"Ndoro, saatnya ndoro putri berendam di padusan," Emban sepuh mengingatkan.
"Malam-malam begini, Bibi emban?" Ken Dedes mengernyitkan alis. Emban sepuh tersenyum simpul.
"Ini bulan purnama, Ndoro...."
"Oh, iya, aku lupa. Baiklah, siapkan segala sesuatunya."
Emban sepuh segera beranjak meninggalkan kamar.
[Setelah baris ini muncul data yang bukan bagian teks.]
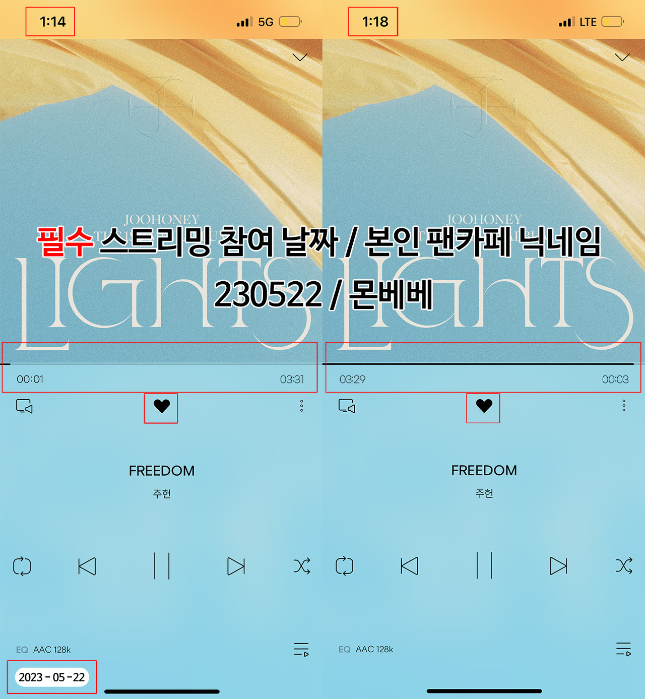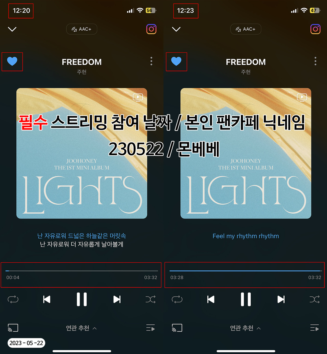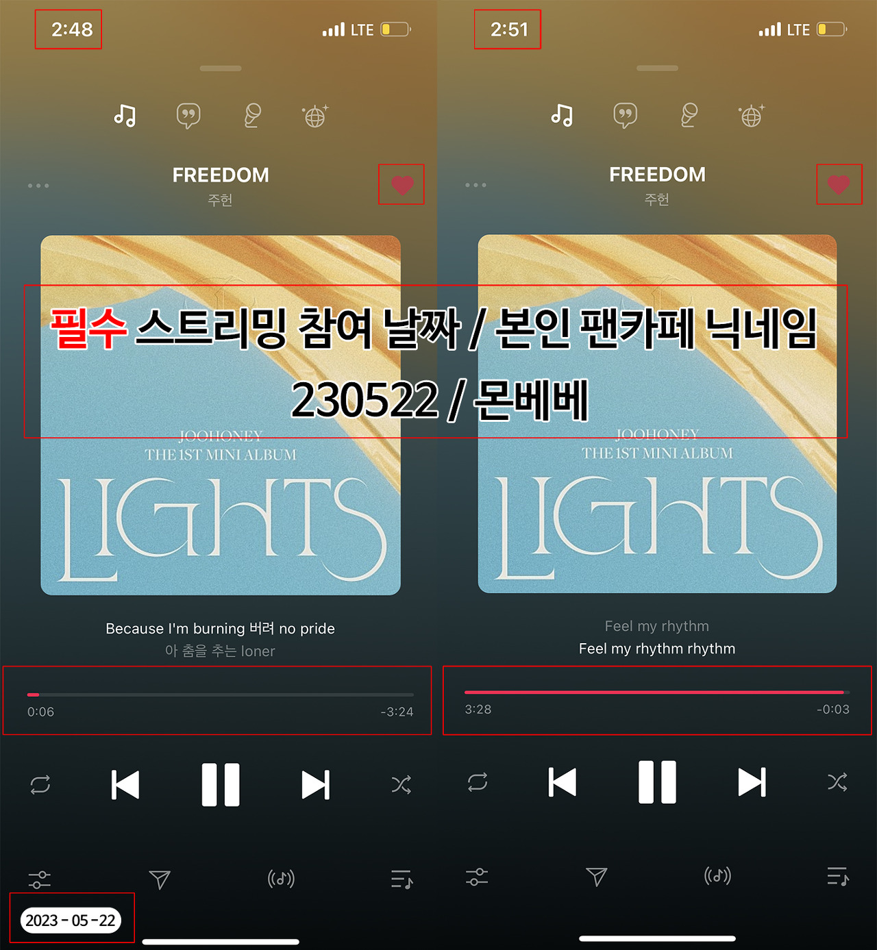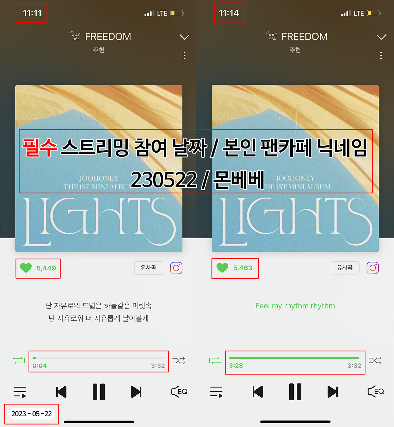 ※ 빨간 박스로 표시되어 있는 부분이 모두 보여야 인정되며, 스트리밍 참여 날짜와 본인 팬카페 닉네임을 반드시 기재하여 주시기 바랍니다.

Sementara Ken Dedes berdiri menatap purnama yang sedari tadi mengintip dari balik jendela.
Dada perempuan itu penuh bergemuruh. Purnama di langit Tumapel malam ini begitu indah. Sesaat pandangannya terlempar jauh. Dan ia sedikit terkejut manakala tertangkap oleh sudut matanya sesosok bayangan. Sosok itu berjalan mengendap-endap di sekitar taman kaputren. Ken Dedes mengernyitkan alis. Perlahan ia mendekatkan diri pada bingkai jendela.Â
"Ndoro, ubarampe sudah siap," suara Emban sepuh mengagetkannya. Ken Dedes bersegera menutup jendela. Kemudian ia menoleh dan memberi tanda kepada abdi sepuhnya itu untuk bergegas mengikutinya.
Sepanjang perjalanan menuju padusan benak Ken Dedes tak henti bertanya-tanya. Bayangan siapakah tadi yang sempat dilihatnya? Orang jahatkah ia? Atau....
"Bibi emban, apakah Kangmas Tunggul Ametung berkenan mengunjungiku malam ini?" ujarnya berusaha menepis kegundahan.
"Ndoro kenapa bertanya begitu? Bukankah setiap bulan purnama Ndoro akuwu selalu berada di kaputren?"
"Oh Bibi, aku berharap Kangmas tidak mengunjungiku malam ini."